Каждодневное, будничное катилось комом, между прочим. По рабочим дням в микроскоп поглядывала, исследовала посевные на желатине, опустошала продуктовые магазины. По выходным – к подругам на юбилеи. И чем дальше, тем круглее даты, тем дольше и тщательнее приходилось готовиться у трельяжа, в закуте, отрезанном от всего остального мира, пластиковой трехстворчатой перегородкой для переодевания. Уютом и живой человечностью дышал он, вклинивался теплым, неряшливым куском в стройное, математически выверенное расположение мебели и вещей вокруг, напряженную больничную чистоту комнат и парадность прихожей. Кокетливо обвисали мамины платья и небрежно вывернутая наизнанку ночная сорочка. Порой попадались несвежие бюстгальтеры и чулки, исходившие прокисшими французскими духами польского производства. Сюда тайным эротоманом проникал Яшенька. Стыдливо вдыхал запретные ароматы. Командовал армией пузырьков и тюбиков. Смешивал хну с зубным порошком. Нанизывал на капроновые нити янтарные бусины с кромешинками внутри, любуясь на доисторических, зябнущих мушек. Набеги, бывало, замечали, побивали портупеей. Оставаясь один дома, каждый раз искушался. Еще любил, манипулируя зеркалами, точно гиперболоидом Гарина, уловить яичный желток солнца, утопить его в белобрысой, спутанной макушке. Плешка! Неровная, вытянутая, по контурам. В миниатюре расплывчатый Крымский полуостров. Земля предков! Прохладный поводырь ранних воспоминаний пробирался в заброшенные архивы памяти.
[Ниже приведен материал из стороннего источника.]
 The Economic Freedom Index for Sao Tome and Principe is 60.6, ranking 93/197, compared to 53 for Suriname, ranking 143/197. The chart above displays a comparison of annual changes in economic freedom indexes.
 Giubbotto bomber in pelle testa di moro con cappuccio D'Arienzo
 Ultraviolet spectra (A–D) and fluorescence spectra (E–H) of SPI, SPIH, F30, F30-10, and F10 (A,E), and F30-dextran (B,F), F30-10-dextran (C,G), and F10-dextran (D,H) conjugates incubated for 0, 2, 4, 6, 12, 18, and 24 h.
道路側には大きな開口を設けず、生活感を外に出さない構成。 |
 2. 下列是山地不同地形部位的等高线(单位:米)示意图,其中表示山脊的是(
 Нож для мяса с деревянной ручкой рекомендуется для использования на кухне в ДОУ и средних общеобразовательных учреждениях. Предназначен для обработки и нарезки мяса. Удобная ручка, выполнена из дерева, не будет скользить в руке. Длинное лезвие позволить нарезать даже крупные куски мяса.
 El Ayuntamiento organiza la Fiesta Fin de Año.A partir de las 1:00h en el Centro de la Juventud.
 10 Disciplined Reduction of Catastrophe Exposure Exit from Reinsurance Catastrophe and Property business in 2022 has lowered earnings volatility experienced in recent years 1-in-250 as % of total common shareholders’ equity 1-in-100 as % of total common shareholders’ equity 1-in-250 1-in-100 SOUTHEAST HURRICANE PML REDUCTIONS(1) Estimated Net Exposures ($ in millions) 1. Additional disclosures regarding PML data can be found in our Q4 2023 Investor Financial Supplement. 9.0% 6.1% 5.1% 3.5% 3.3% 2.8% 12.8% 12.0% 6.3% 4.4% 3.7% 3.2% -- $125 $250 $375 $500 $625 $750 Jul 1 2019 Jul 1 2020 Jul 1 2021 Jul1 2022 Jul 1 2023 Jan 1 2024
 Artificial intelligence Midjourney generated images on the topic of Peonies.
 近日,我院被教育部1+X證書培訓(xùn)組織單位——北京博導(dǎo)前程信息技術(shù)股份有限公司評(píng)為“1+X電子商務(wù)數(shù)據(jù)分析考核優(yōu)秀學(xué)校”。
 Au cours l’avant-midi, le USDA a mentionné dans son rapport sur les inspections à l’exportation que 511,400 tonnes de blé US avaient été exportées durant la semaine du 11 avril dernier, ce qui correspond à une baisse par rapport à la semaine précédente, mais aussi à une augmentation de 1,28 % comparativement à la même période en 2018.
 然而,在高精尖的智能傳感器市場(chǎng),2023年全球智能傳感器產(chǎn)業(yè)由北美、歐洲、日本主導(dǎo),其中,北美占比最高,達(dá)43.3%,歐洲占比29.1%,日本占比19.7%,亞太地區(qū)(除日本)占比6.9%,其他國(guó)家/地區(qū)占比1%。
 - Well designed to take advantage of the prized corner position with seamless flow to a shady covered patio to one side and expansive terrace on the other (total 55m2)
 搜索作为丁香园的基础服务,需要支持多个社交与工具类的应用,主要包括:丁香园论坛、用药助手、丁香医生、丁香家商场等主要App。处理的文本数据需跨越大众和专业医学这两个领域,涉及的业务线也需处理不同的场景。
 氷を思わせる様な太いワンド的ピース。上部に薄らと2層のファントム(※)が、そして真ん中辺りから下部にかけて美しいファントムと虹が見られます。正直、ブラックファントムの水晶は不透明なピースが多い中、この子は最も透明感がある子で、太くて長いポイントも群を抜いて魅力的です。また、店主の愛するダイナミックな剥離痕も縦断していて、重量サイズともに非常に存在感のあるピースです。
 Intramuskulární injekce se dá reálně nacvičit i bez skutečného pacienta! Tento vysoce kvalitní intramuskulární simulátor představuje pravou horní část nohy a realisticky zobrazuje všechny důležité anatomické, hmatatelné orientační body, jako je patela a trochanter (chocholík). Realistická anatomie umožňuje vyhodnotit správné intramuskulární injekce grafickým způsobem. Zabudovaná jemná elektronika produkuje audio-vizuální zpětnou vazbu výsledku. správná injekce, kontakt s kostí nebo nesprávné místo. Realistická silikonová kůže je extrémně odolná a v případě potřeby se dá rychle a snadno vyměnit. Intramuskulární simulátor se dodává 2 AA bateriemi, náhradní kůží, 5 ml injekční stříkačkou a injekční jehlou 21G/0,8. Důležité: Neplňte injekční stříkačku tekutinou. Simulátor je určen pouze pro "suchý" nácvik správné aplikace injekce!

Светает. На чердаке среди бутылей самодельного виноградного переброда, спрятана в массивном серебряном окладе старинная икона. Лики святых задумчивы и тревожны. Со двора слышны редкие, глухие шаги. Кто-то чужой топчется, не решается войти внутрь. Это сыплются переспелые абрикосы. Желтеют на рыхлом глиноземе медовой, волокнистой мякотью. Ближе к обеду отберут самые цельные и крепкие, остальные по углам размечут. Муравейник у веранды, где потрескалась и осыпалась штукатурка, давно ожил. Его обитатели выстроились в цепочку, спешно перетаскивают безликие коконы, похожие на рисовые зерна. Под порогом скребется мышь. У соседей занялись собаки. Дядя Паша собирается на рынок торговать мохнатым, бордовым персиком. В малиннике горячие, алые росы вспыхивают с мизинец. Возьмешь три, рот полный, и языку не протолкнуться. Захлебываешься сладким до приторности соком. Солнце на востоке лениво выбирается из яблоневых колхозных садов.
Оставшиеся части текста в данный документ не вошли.